A very simple dataset, powers of two:
1:2, 2:4, 3:8, 5:32, 6:64, 7:128 (missing the #4 value)
Predictions (1-10):
1.582 5.236 13.150 22.943 37.584 67.475 109.945 155.322 218.001 10,300.425
Error (1-10):
-26.4% 23.6% 39.2% 30.3% 14.9% 5.2% -16.4% -64.8% -134.9% -240.9%
... well, it has a positive slopeLet's see what happens if we copy the exact same values in the dataset 10 times first.
Predictions (1-10):
1.993 3.967 7.986 18.138 31.965 64.140 128.125 126.607 130.667 161.756
Error (1-10):
-0.3% -0.8% -0.2% 11.8% -0.1% 0.2% 0.1% -102.2% -291.8% -533.1%
Interesting, repeated values give the model a lot more confidence of the known values. The interpolated #4 value is still off by 12%. It does not extrapolate well at all.Looking forward to trying it on real world data with more features.

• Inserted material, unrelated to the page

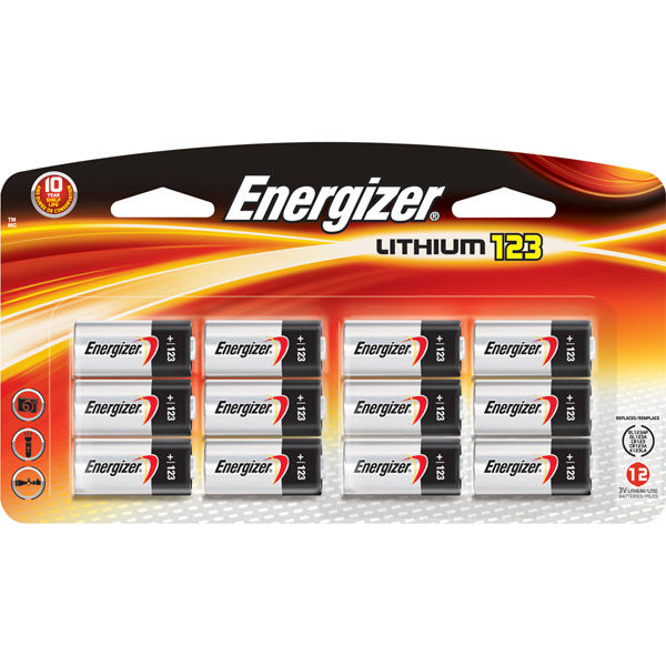ENERGIZER 123 LITHIUM BATTERY12-PACK Replacement fo 5018LC, CR123, CR123A, CR17345, EL123 3 VoltsExceptional power and life for high-tech flashlights, flash units, rifle scopes and night vision gogglesPerform in extreme temperatures from -40F to 140FHolds power for 10 years when not in useLeak-resistant construction BRAND : ENERGIZER

There's some interesting work on using LLMs for tabular data (TabLLM: https://proceedings.mlr.press/v206/hegselmann23a.html), but this only works for datasets with tens of samples rather than the thousands of rows needed in real-world applications.
What o1 and other LLMs typically do is wrap around existing tabular tools like XGBoost or scikit-learn. While this works, they're ultimately constrained by these tools' limitations. We're taking a fundamentally different approach - building foundation models that natively understand tabular relationships and patterns. Our approach combines the benefits of foundation models with architectures specifically designed for tabular data structures.